## Dataset excerpt:
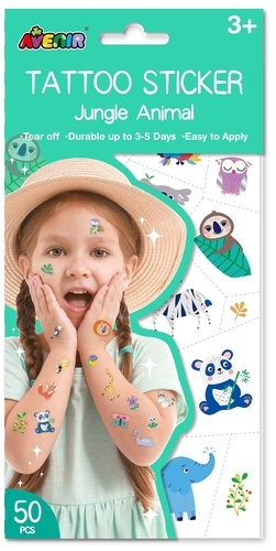 Oryginalny tymczasowy tatuaż dla dzieci, zarówno dla dziewczynek, jak i chłopców, w różnych atrakcyjnych motywach - dżungla. Zabawa dla dzieci oraz ich przyjaciół i rodziny.
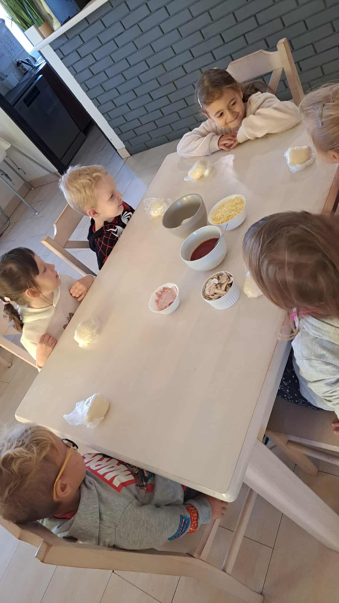 Największą radość sprawiła dzieciom degustacja własnoręcznie przygotowanych pizzerinek. Dumne uśmiechy na twarzach uczestników były najlepszym dowodem na to, że nauka przez działanie i zabawę to prawdziwa przyjemność!
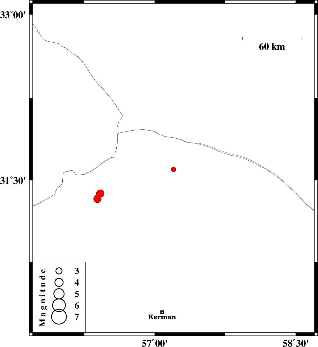 | 2013/07/19 | 21:24:42.7 | 01:54:42.7 | 31.38 | 56.42 | 14 | ML:3.6 | Kerman Province, 40 km North-West of Ravar |
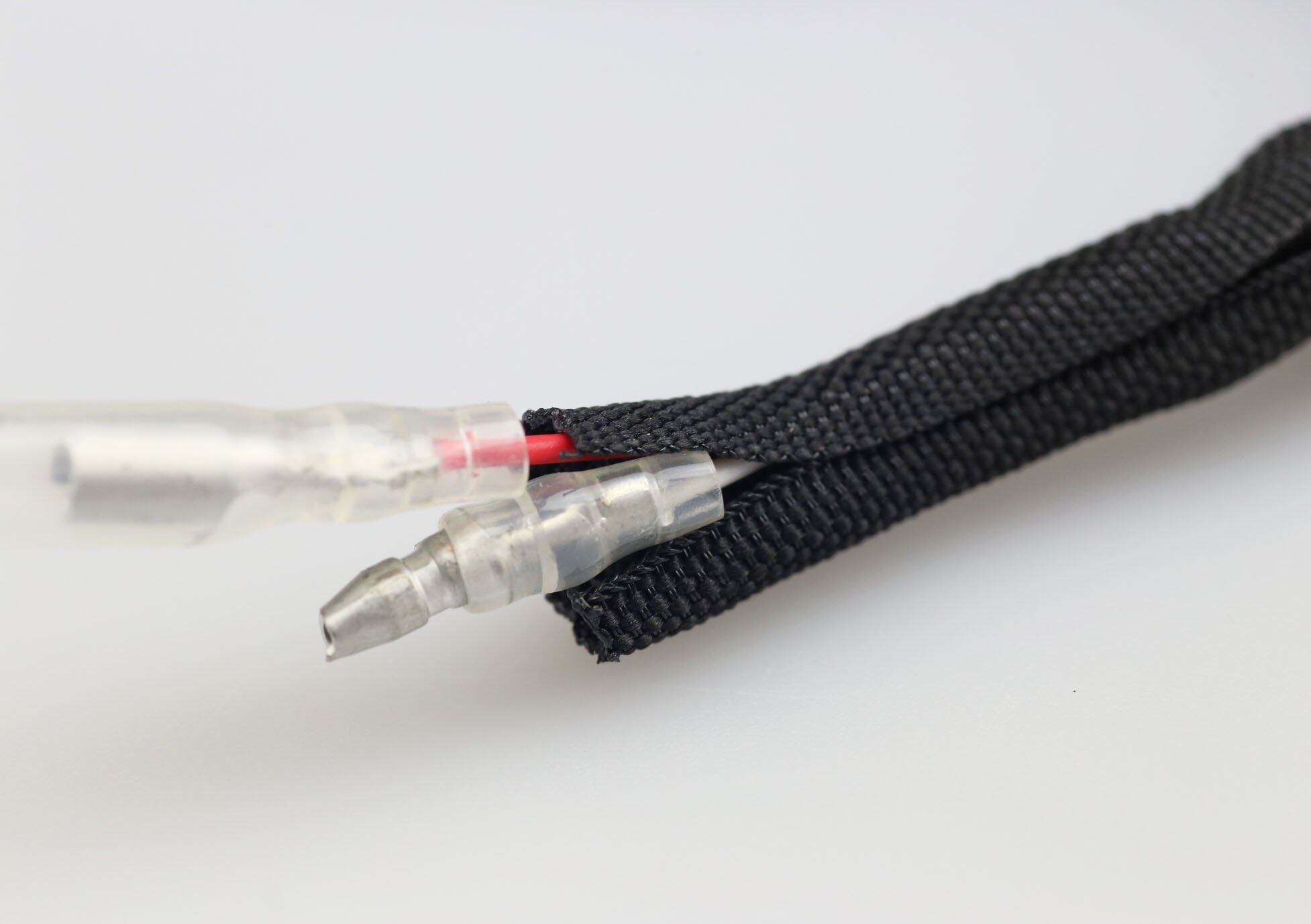 ポリエステルの繊維とPET繊維で作られたセルフラップスリーブです。柔軟材質にて作られているスリーブはノイズ吸収および耐震性に優れます。

## Problem statement:
Begin at the line containing "Największą radość sprawiła" and write out every line to the end of the data exactly. Skip the pictures.

## Task answer:
 Największą radość sprawiła dzieciom degustacja własnoręcznie przygotowanych pizzerinek. Dumne uśmiechy na twarzach uczestników były najlepszym dowodem na to, że nauka przez działanie i zabawę to prawdziwa przyjemność!
 | 2013/07/19 | 21:24:42.7 | 01:54:42.7 | 31.38 | 56.42 | 14 | ML:3.6 | Kerman Province, 40 km North-West of Ravar |
 ポリエステルの繊維とPET繊維で作られたセルフラップスリーブです。柔軟材質にて作られているスリーブはノイズ吸収および耐震性に優れます。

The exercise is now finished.